The report comes at a violent time. Since October 2015, the report found Palestinians have carried out more than 250 stabbing, shooting, and bombing attacks against Israelis, resulting in the deaths of at least 30 Israelis. “In the most intense period, there were three to four attacks per day,” the report found, adding that the perpetrators were mostly “young unaffiliated individuals.”

During the same period, 140 Palestinians who either perpetrated such attacks or were suspected of having done so were killed. The Israeli security forces killed another 60 Palestinians during crackdowns on protests and in other military operations. The report found violence has subsided “significantly” during 2016 largely as a result of stepped-up enforcement operations by the Palestinian Authority, which has “successfully thwarted attacks, seized weapons, and arrested suspected extremists.” But recent terrorist attacks, including a bus bombing in Jerusalem in April and the shooting deaths of four Israelis at a Tel Aviv cafe in June, highlighted the ongoing bloodshed. And on Thursday, a 13-year-old American-Israeli girl, Hallel Yaffa Ariel, was stabbed to death in her sleep by a Palestinian teenager in the West Bank settlement of Kiryat Arba.

Israel has responded to the attacks by expanding administrative detentions and demolishing the homes of suspected terrorists. Even some senior Israeli officials have expressed concern about the excessive use of force in such operations. But the Quartet focused particular attention on Israel’s policy of expanding settlements.

Since the Oslo peace process began in 1993, the population of Israeli settlements has more than doubled, with more than 570,000 settlers, including at least 85,000 who live deep inside the West Bank. “This raises legitimate questions about Israel’s long-term intentions, which are compounded by the statements of some Israeli ministers that there should never be a Palestinian state,” the report found. The Quartet report called on Israel to “cease” its settlement policy and accelerate ongoing restrictions to and from Gaza.

The Quartet expressed alarm at ongoing attacks by Israeli settlers against Palestinians, including a 2015 arson attack that killed three and the burning death of a Palestinian boy in 2014. It noted, though, that the number of settler attacks has declined over the past three years.

It also faulted Hamas for publicly glorifying terrorists as “heroic martyrs.”

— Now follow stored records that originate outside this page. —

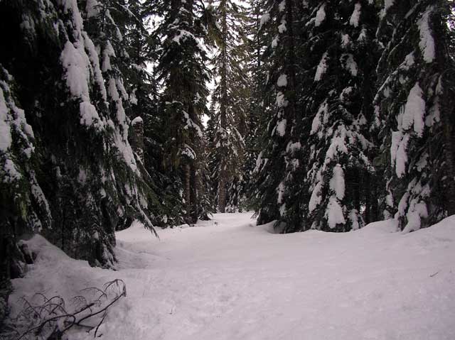The trails are fairly well marked and mapped out - there are blue, plastic diamonds nailed about 15ft up in the trees. However, if you stray left or right by a tree or so, you ain't gonna see no blue diamonds. And there are a lot of breaks in the trees that look like paths. |
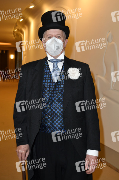 Peer Martiny beim Fototermin mit dem (getesteten) Ensemble des Theaterstücks 'Vorhang auf für Cyrano' in Maske und Kostüm vor dem Testzentrum im Schiller Theater. Unter dem Motto 'Testen statt spielen' eröffnen die Komödie am Kurfürstendamm und der KitKatclub ein gemeinsames Testzentrum im Schiller Theater. Berlin, 07.04.2021
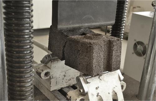Thecompressivestrengthtestforlightweightinterlocking compositeblocks(LICBs)evaluatestheirabilitytowithstand axialloads.LICBsareplacedbetweensteelplatesandloaded untilfailure,followingIndianStandardIS516:1959.LICBsin thisstudyweremoldedinsteelformsandcuredfor28days inwater,meetingIS1077:1992specificationsforcommon burnt clay building bricks. Evaluating the compressive strengthofLICBsisessentialtodeterminetheirqualityand applicability in construction. In this research, around 100 LICBunitsweretested.ThemethodologyfollowedtheBSEN 772–1 guideline (British Standard Institution, 2011). To guarantee uniform compression, each sample was capped withasteelplateonbothsides.Priortotesting,thesamples wereoven-driedfor24hourstoensureaconsistentmass. The strongest block recorded a compressive strength of 18.21N/mm²,achievedthroughmanualcompressionwitha highrateandvibrationduringthecompactionprocess.This highpressureledtotheproductionofmorerobustmasonry units.Thestudyalsofoundthatbrickswithdeepergrooves weremorepronetofailureundermaximumloadduetothe increasedstressconcentration
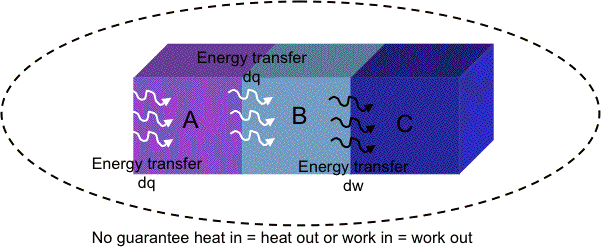 destroyed, it is passed to its surroundings. The first law of thermodynamics
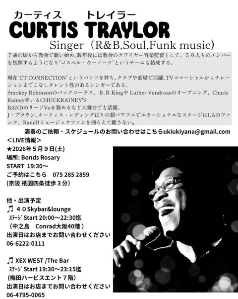 Anyone can now buy a ticket by going to LIVE POCKET Website and search for the BKTV + Name of artist. https://t.livepocket.jp/event/search Curtis Traylor LIVE !!!
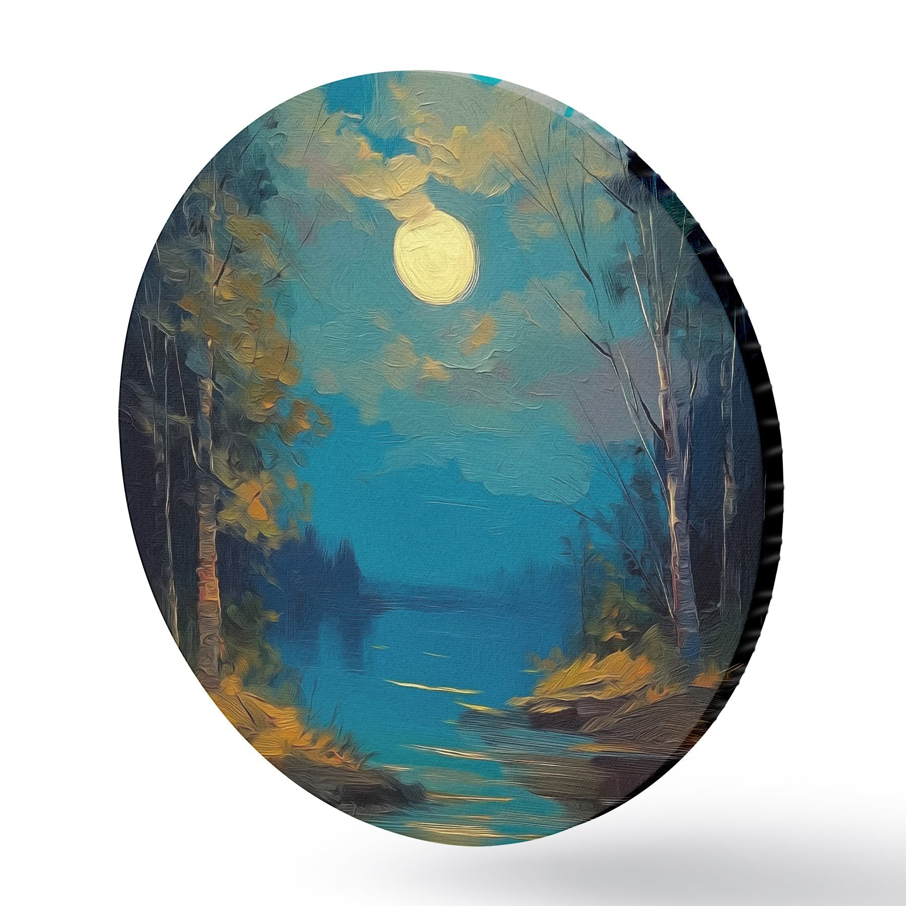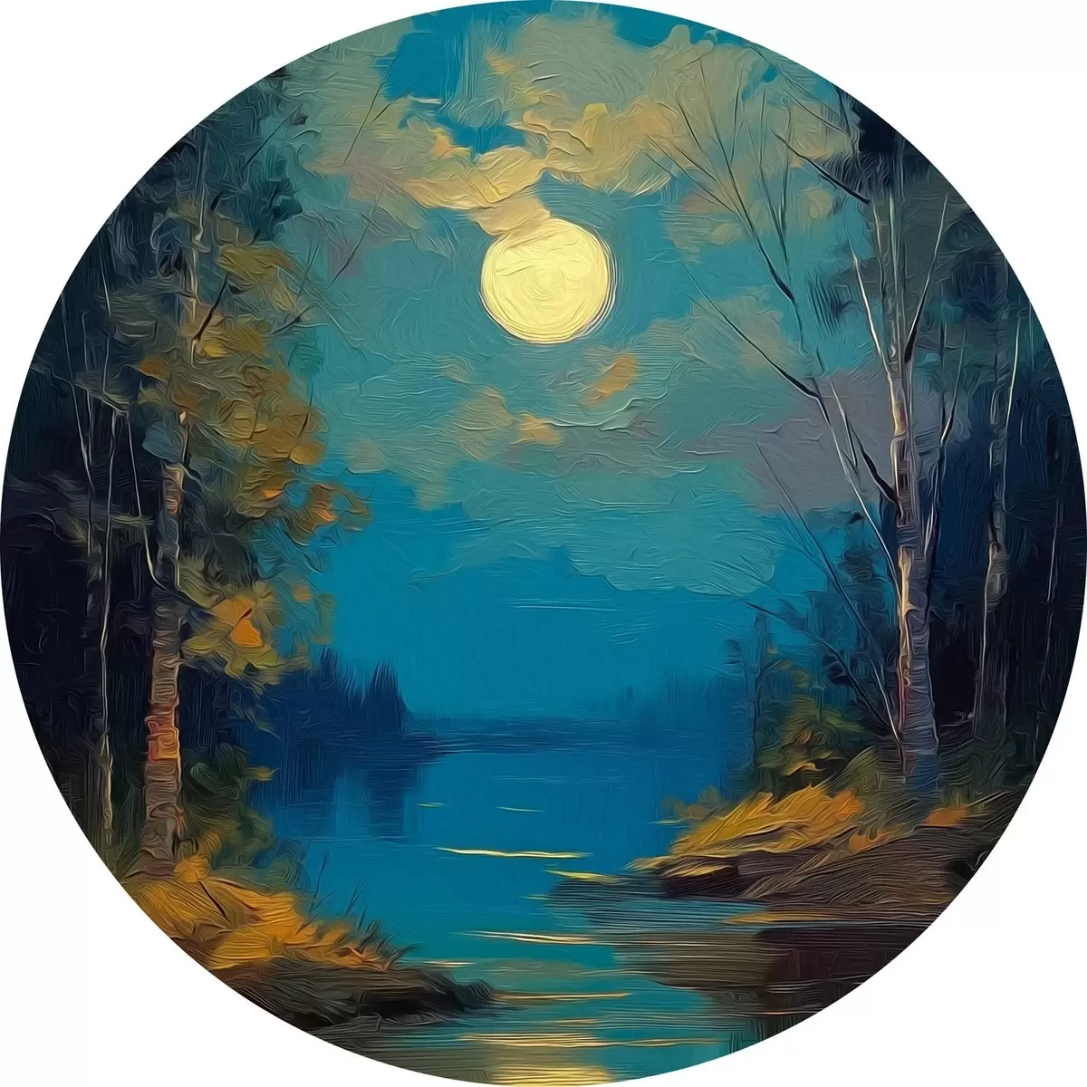 Okrągły obraz Światło księżyca nad spokojną rzeką wśród sosen Nr r46164
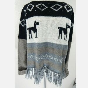 Item: Women's Pullover Fringe Trim Cowichan Tribal Style Dog Pattern Sweater Oversized Boxy Fit
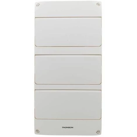 THOMSON Coffret électrique nu a équiper – 39 modules – 3 rangées – Idéal pour un T3/T4/T5 – Design sobre et discret – Livré avec trois portes – Conforme a la norme NFC15-100 – Ouverture/fermeture par 4 vis 1/4 de tour imperdables – 13 modules par rangée – Compatible GTL toutes marques – Tenue au fil incandescent 650°…
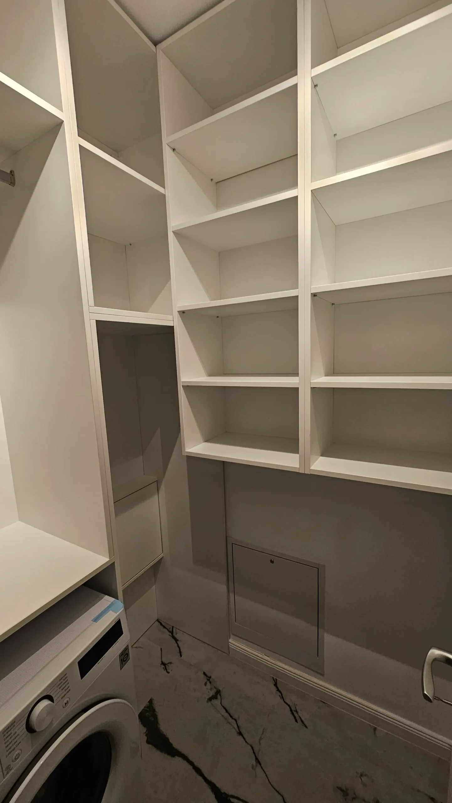 Sertare și spații de depozitare cu mânere discrete, integrate în mobilier.
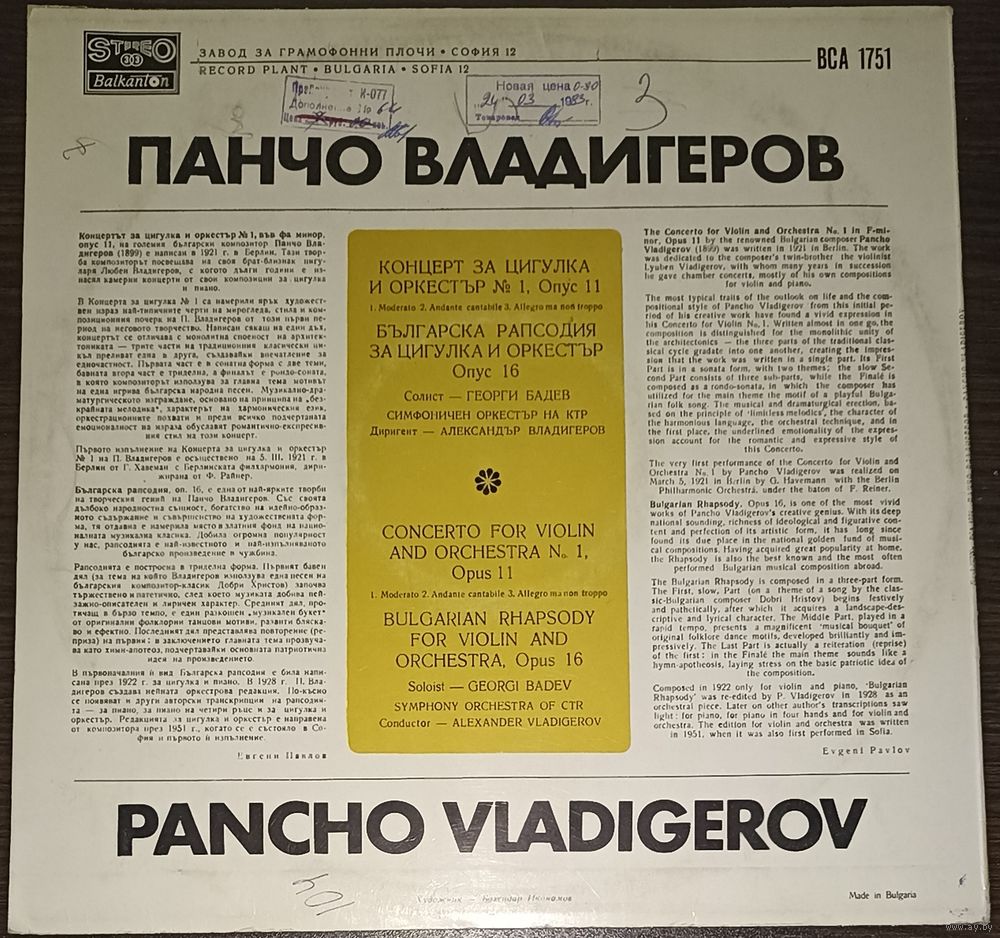 Pancho Vladigerov – Concerto For Violin And Orchestra No. 1 / Bulgarian Rhapsody For Violin And Orchestra.
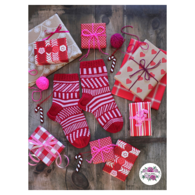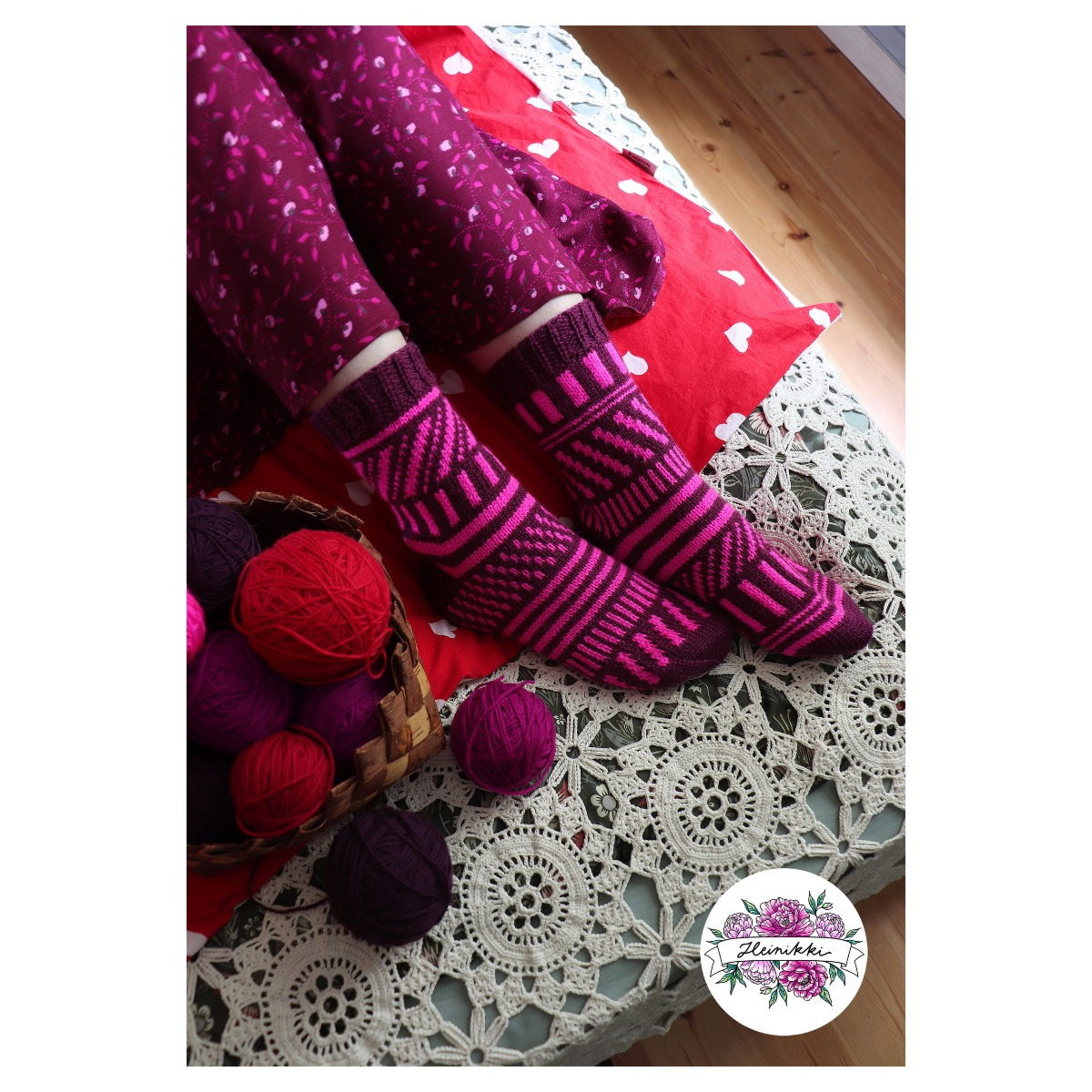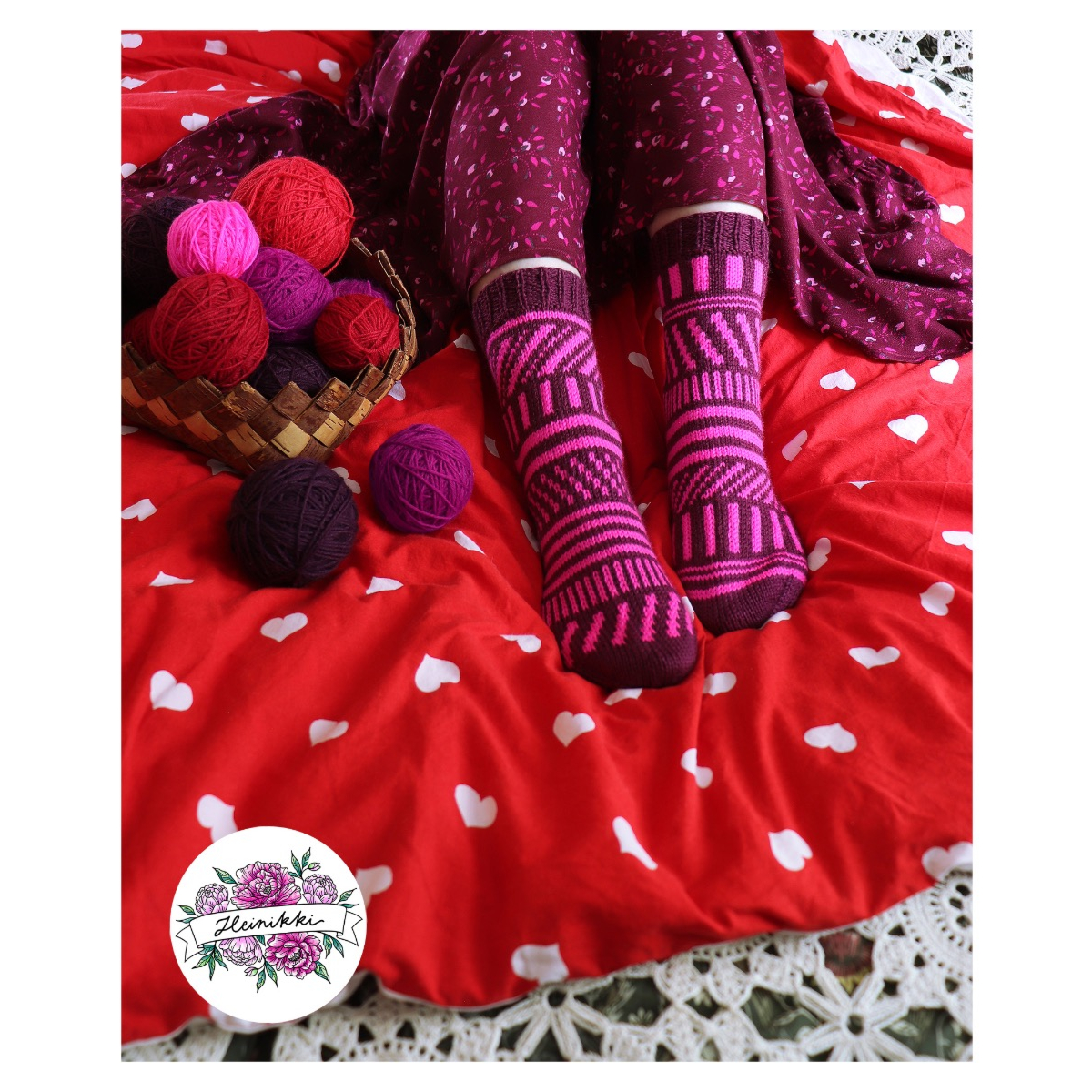 Näiden sukkien inspiraation aiheet on helppo päätellä. Arvaat varmaan, että Heini tykkää raitakuoseista, erityisesti vinoraidoista, sekä Polkka-karkeista ja jouluisista karkkikepeistä. Punaisen sävyillä näistä saa hyvinkin jouluiset sukat ja värejä vaihtelemalla sukat sopivat mainiosti muihinkin sesonkeihin.
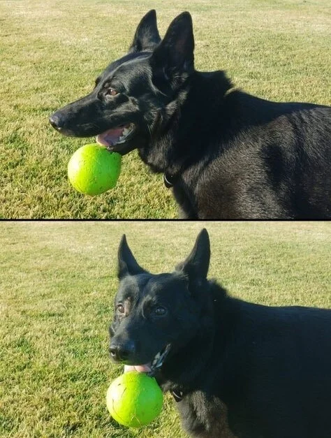 12. «Каждый раз, когда мы гуляем в парке, мой пёс засовывает челюсть в мяч, чтобы было удобнее его переносить»
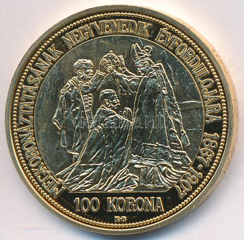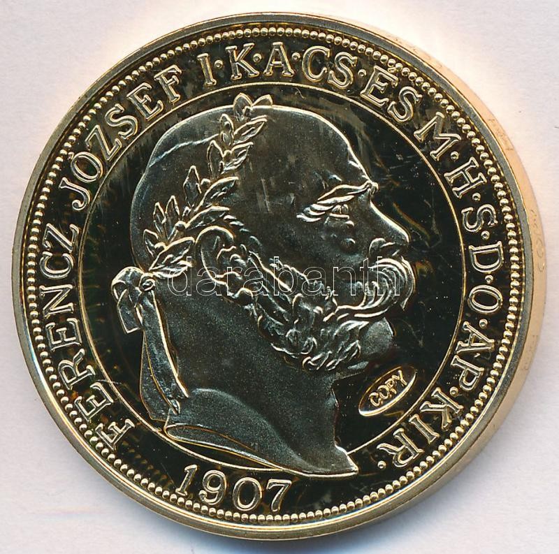 Beschreibung: DN "Osztrák-Magyar Monarchia pénzei utánveretben - 1907. 100K" aranyozott Cu-Ni emlékérem "COPY" beütéssel, tanúsítvánnyal (38mm) T:PP
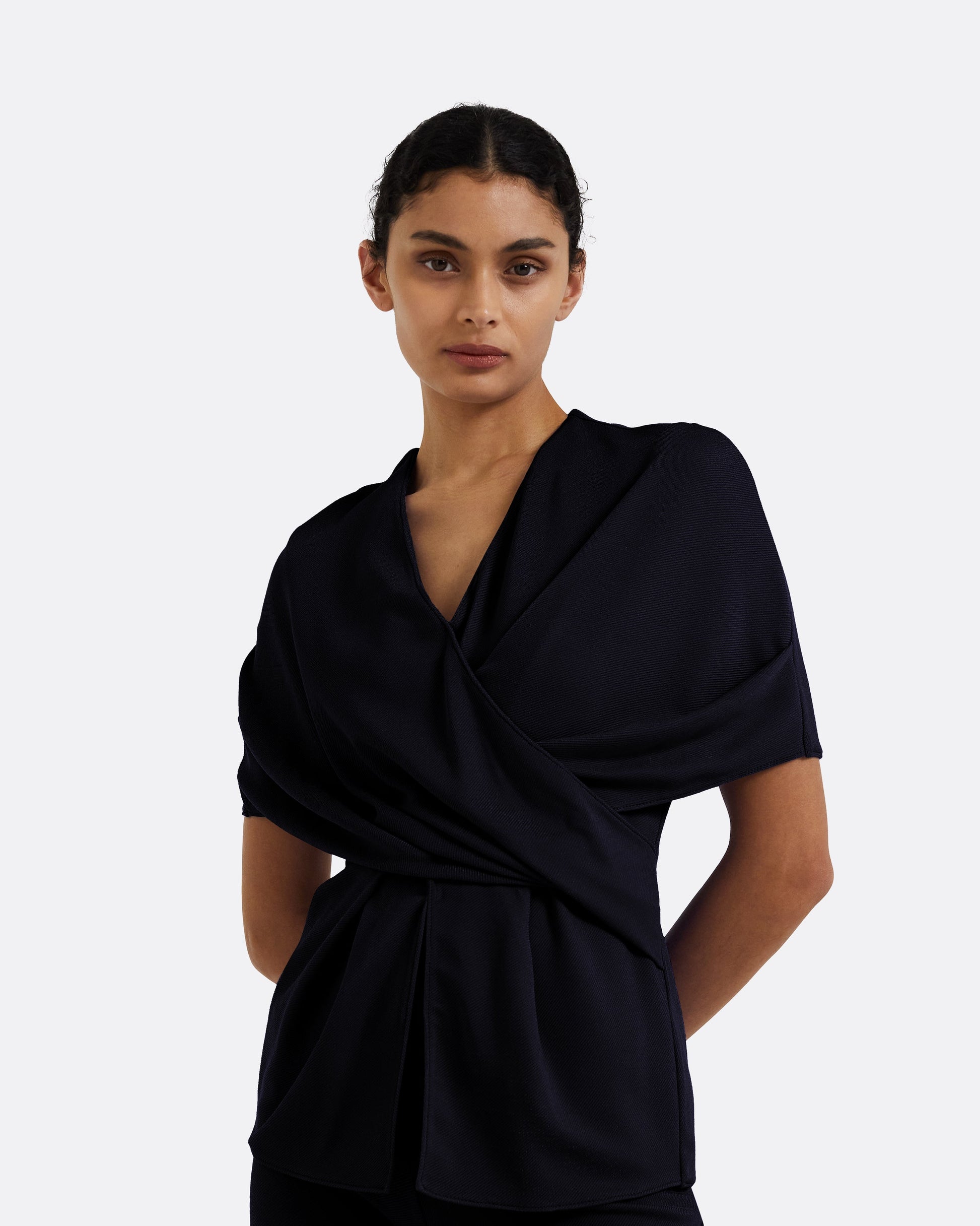 Classic straight leg trousers with side zip in navy Fiona Jersey.
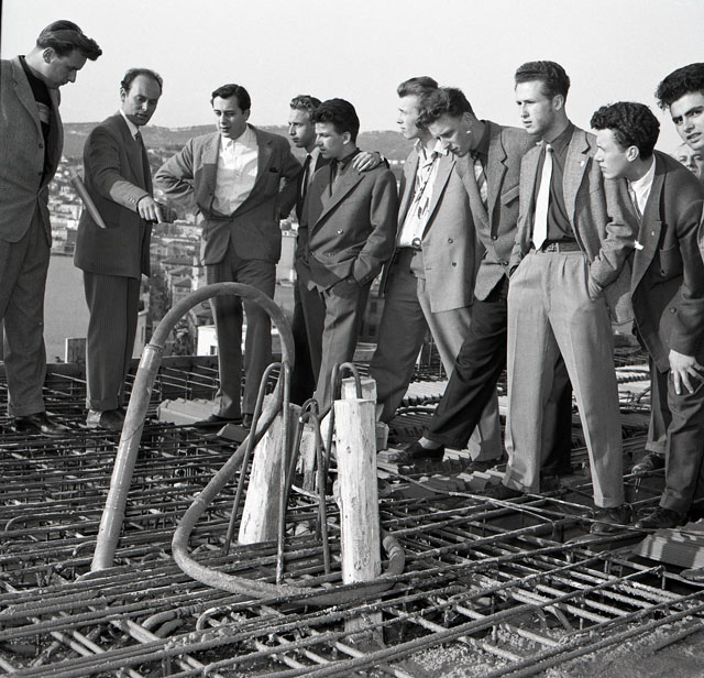 Gli studenti dell'Istituto tecnico industriale Alessandro Volta visitano la sede provinciale INAIL, di via del Teatro Romano, in costruzione. L'edificio, concluso nel 1957, è opera dell'arch. Romano Boico.

“Hamas and other radical factions are responsible for the most explicit and widespread forms of incitement,” the report stated. “These groups use media outlets to glorify terrorism and openly call for violence against Jews, including instructing on how to carry out stabbings.” Even officials from the more moderate Fatah faction, which is led by Palestinian Authority President Mahmoud Abbas, have “publicly supported attacks and their perpetrators.”